Supreme Court set for August hearing of petitions challenging Centre's decision to deport Rohingya refugees to Myanmar
Initially, two Rohingya immigrants had moved the apex court in 2017 challenging the move to deport to Rohingyas on various grounds, including that it violated international human right conventions.
The Supreme Court on Tuesday said that it would accord final hearing in August on a batch of petitions challenging the Centre's decision to deport illegal Rohingya Muslim immigrants to Myanmar
The top court is also seized of petitions which support the government's stand to deport over 40,000 Rohingyas, who fled to India after violence in the western Rakhine state of Myanmar
The Centre had questioned the bonafides and motives of the NGOs and individuals seeking facilities for the Rohingya refugees
New Delhi: The Supreme Court on Tuesday said that it would accord final hearing in August on a batch of petitions challenging the Centre's decision to deport illegal Rohingya Muslim immigrants to Myanmar.
The top court is also seized of petitions which support the government's stand to deport over 40,000 Rohingyas, who fled to India after violence in the western Rakhine state of Myanmar and are settled in Jammu, Hyderabad, Haryana, Uttar Pradesh, Delhi-NCR and Rajasthan.
A bench comprising Chief Justice Ranjan Gogoi and Justices Deepak Gupta and Aniruddha Bose asked the counsel for the parties to submit their written submissions in the meantime.
"Pleadings are complete. Parties are required to file brief written submissions," the bench said adding that the date of final hearing would be notified shortly by the registry.
Initially, two Rohingya immigrants — Mohammad Salimullah and Mohammad Shaqir, who are registered refugees under the United Nations High Commission of Refugees (UNHCR), had moved the apex court in 2017 challenging the move to deport to Rohingyas on various grounds including that it violated international human right conventions.
"Proposed deportation is contrary to the constitutional protection of Article 14 (Right to Equality), Article 21 (Right to Life and Personal Liberty) and Article 51(c) of the Constitution of India, which provides equal rights and liberty to every person. This act would also be in contradiction with the principle of 'Non-refoulement', which has been widely recognised as a principle of customary international law," the plea said.

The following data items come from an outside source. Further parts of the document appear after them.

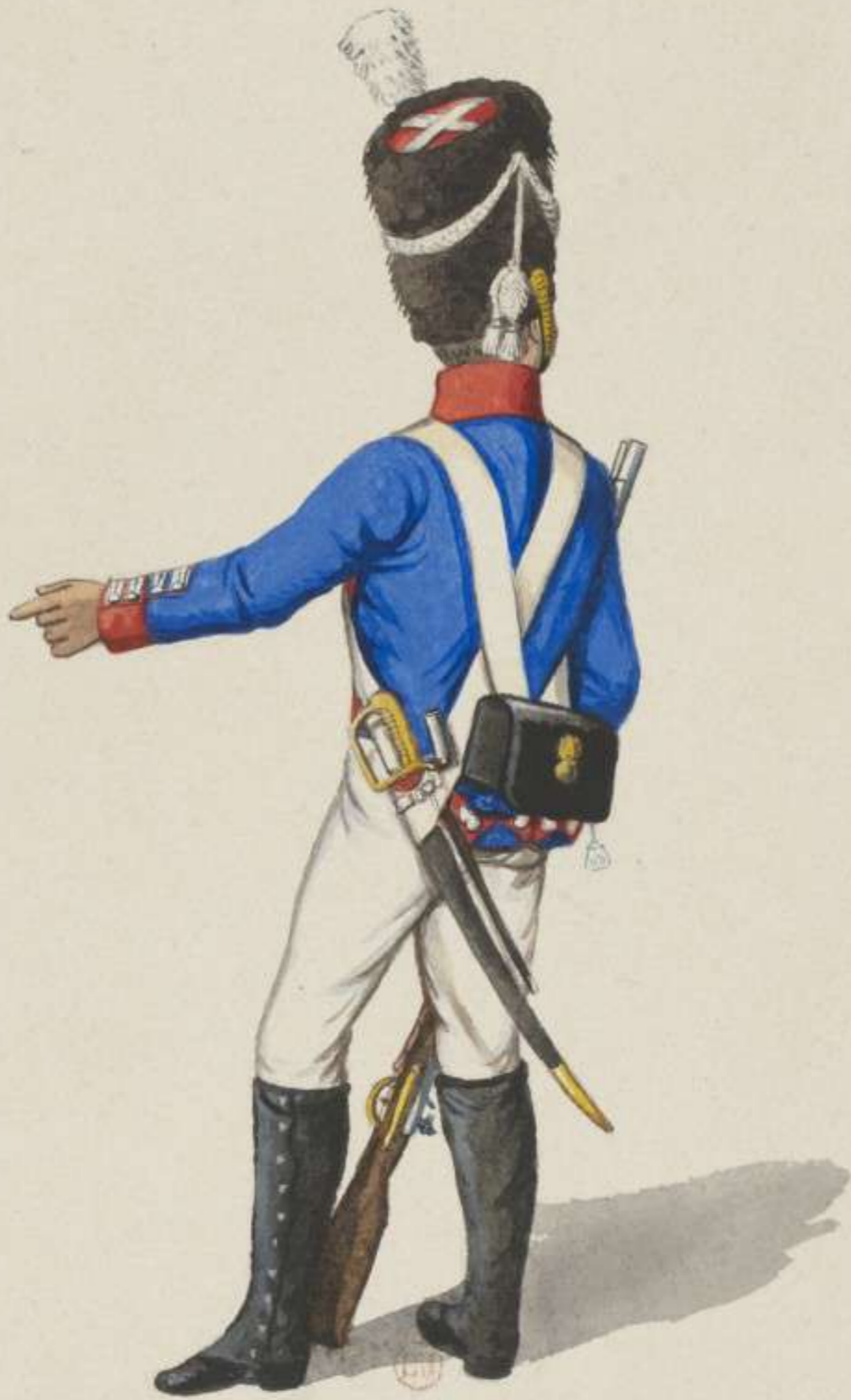
28 e - Grenadier Garde Regiment - 1814
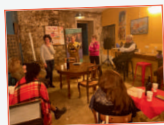
Afterworks avec France Active : présentations de projets de tiers-lieux en Essonne
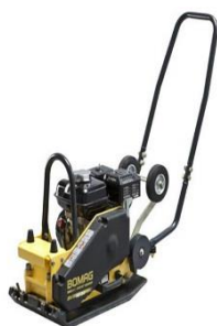
Bomag Verdichtungstiefe bis 25cm
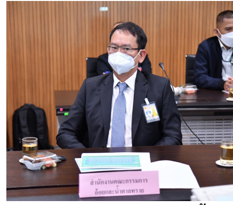
สำนักงานคณะกรรมการอัยและนำตาสทราย
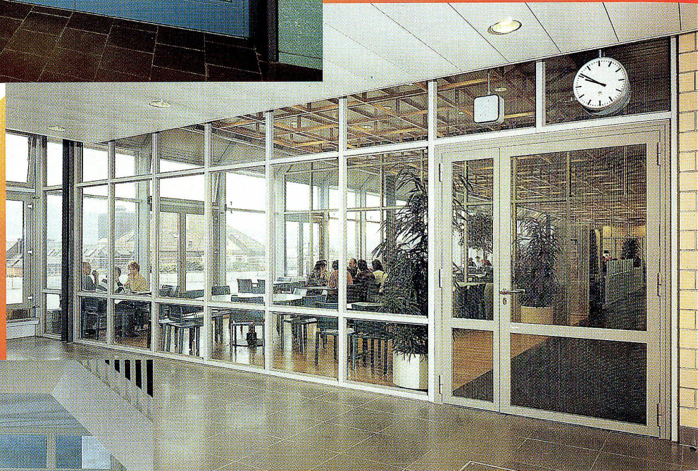
Brandschutzabschluss mit Eingangstür zum Personalrestaurant ▶

Brandschutztüren und -Abschlüsse in allen Etagen des neuen PTT- Gebäudes in Zürich.
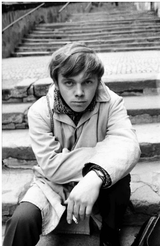
Písničkář Karel Kryl v roce 1969

Roku 1990 zvítězilo v soutěži hudebního časopisu Rock & Pop o "československou desku desek". Památné album písničkáře Karla Kryla Bratříčku zavírej vrátka, vydané na značce Panton přesně 24. března 1969, patří i po 50 letech k nejlepší sbírce protestsongů, které se v moderní české hudbě zrodily.
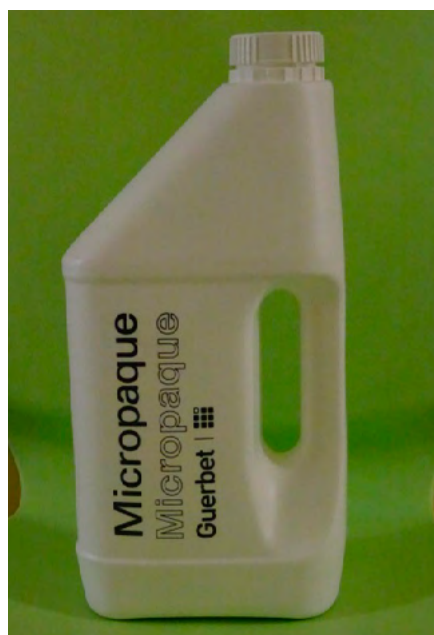
Obrázok 3: Kontrastná látka

Pomôcky na pitie a jedenie počas VFSS a použité konzistencie: kvôli transparentnosti vyšetrenia je dôležité, aby sa počas VFSS použili predmety (fľaša s cumľom, pohár, lyžička), ktorými je dieťa kŕmené doma a aby ho kŕmil človek, ktorý ho kŕmi každý deň. Ako kontrastná látka sa používa nejódová báriová kontrastná látka (obr. 3), ktorá je v prípade aspirácie dieťaťa šetrnejšia voči jeho pľúcam. Ak má dieťa problém so saním z fľaše s cumľom, použijeme striekačku alebo lyžičku. U väčších detí môžeme použiť pohár, alebo aj slamku. Obyčajne sa pri vyšetrení podávajú tri konzistencie: tekutá (mlieko, čaj), kašovitá (jogurt, jablčná výživa a iné výživy) a tuhá (koláč, keks, chlieb).

The principle of 'Non-refoulement' prohibits States from transferring or removing individuals from their jurisdiction when there are substantial grounds for believing that the person would be at risk of irreparable harm upon return, including persecution, torture, ill-treatment or other serious human rights violations.
The plea had also sought a direction that Rohingyas be provided "basic amenities to ensure that they can live in humane conditions as required by international law".

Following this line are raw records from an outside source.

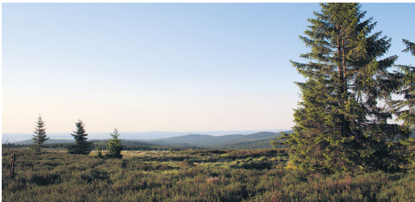
Z bezlesé severní planiny Toku se otevírá široký pohled k severním hranicím České republiky.

Cesta Aliance je jednou z nejvýznamnějších brdských lesních cest, ve své nejvyšší části překlenující sedlo mezi dvěma brdskými vrcholy – Tokem (865 m) a Houpákem (794 m). Vrcholová část Aliance je zároveň důležitou křižovatkou. Tato lokalita se jmenuje Dlouhý kámen.
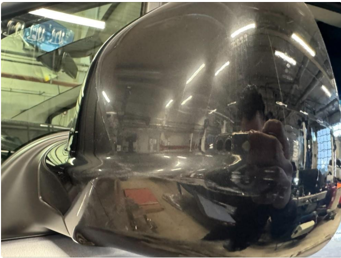
1.6 Riper på speilhus begge sider
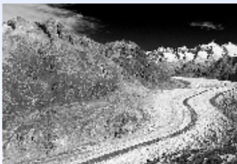
3° prix: Aletsch Didier KEUS

Le Photo-Club vous invite déjà à ses prochains rendez-vous:
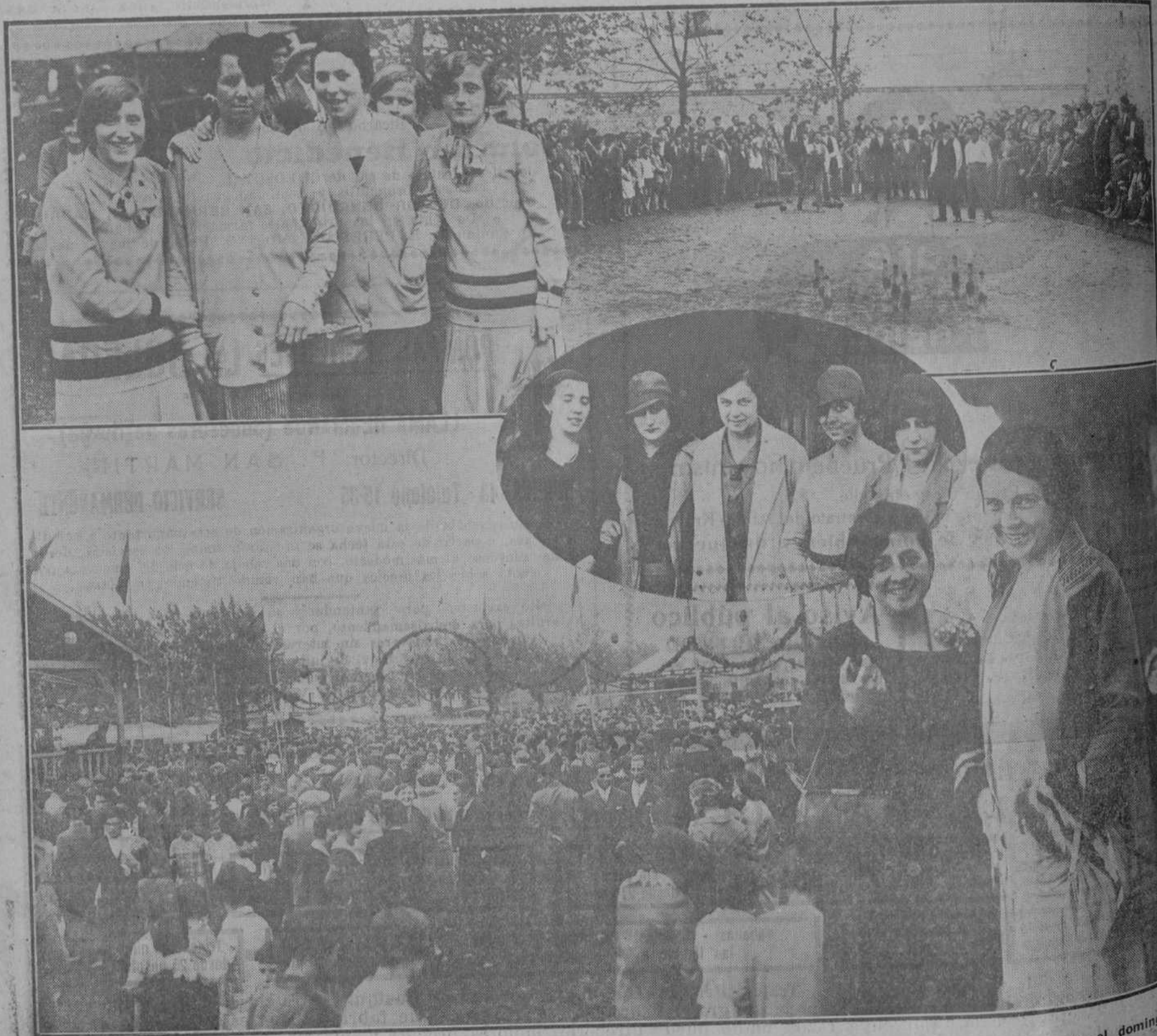
LAS FIESTAS DE SANTA MARIA,

Se convoca a todos los inscriptos y simpatizantes de dicha Sección a las ocho de la tarde de hoy, en el domicilio social.
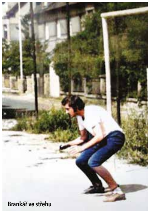
Brankář ve střehu

Od meziuličních soubojů lokálních part na tehdy četných nezastavěných parcelách se brzy dospělo k plošnému srovnávání úrovně jednotlivých uličních týmů (Spartak Míčanka, 1.FC Baba 1970, AC Fišerka, Pečkaři, FC Kodymka atp.), v tehdejší Pečkárně (školní zahrada a veřejný park, dnes pozemek bývalého hotelu Praha) a pak nejčastěji na malém hřišti Na Zavadilce (dnes zástavba). Postupem času přibývalo týmů s místními i světovými názvy mezinárodního fotbalu (Chelsea, Inter, Peňarol aj.) a turnajů, jejichž četnost rostla, se účastnilo i přes 10 týmů po 4 hráčích v poli. Hrál se stále častěji, přijížděli i mimohanspaulští soupeři a začínaly se objevovat i originální názvy týmů (velmi
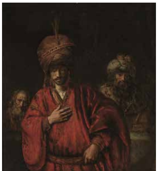
4. レンブラント・ハルメンスゾーン・ファン・レイン 《運命を悟るハマン》1660年代前半

「現実の鏡」とも呼ばれるほどの迫真の描写力で日常的な事物をとらえたオランダ絵画は、広く市民に愛されて家庭の壁を飾るとともに、その市民生活全体の繁栄ぶりを伝える鏡ともなっていました。

Another petition was filed by one Jaffar Ullah alleging unhygienic situation at refugee camps in Haryana, Rajasthan and Jammu and Kashmir.
The Centre had questioned the bonafides and motives of the NGOs and individuals seeking facilities for the Rohingya refugees, and stated that there is no discrimination between Indians and outsiders in providing health and education facilities.
BJP leader and advocate Ashwini Upadhaya, one of the petitioners, has filed the plea supporting the Government's stand and said "few NGO's are posing more threat to the unity of the country than enemy country like Pakistan."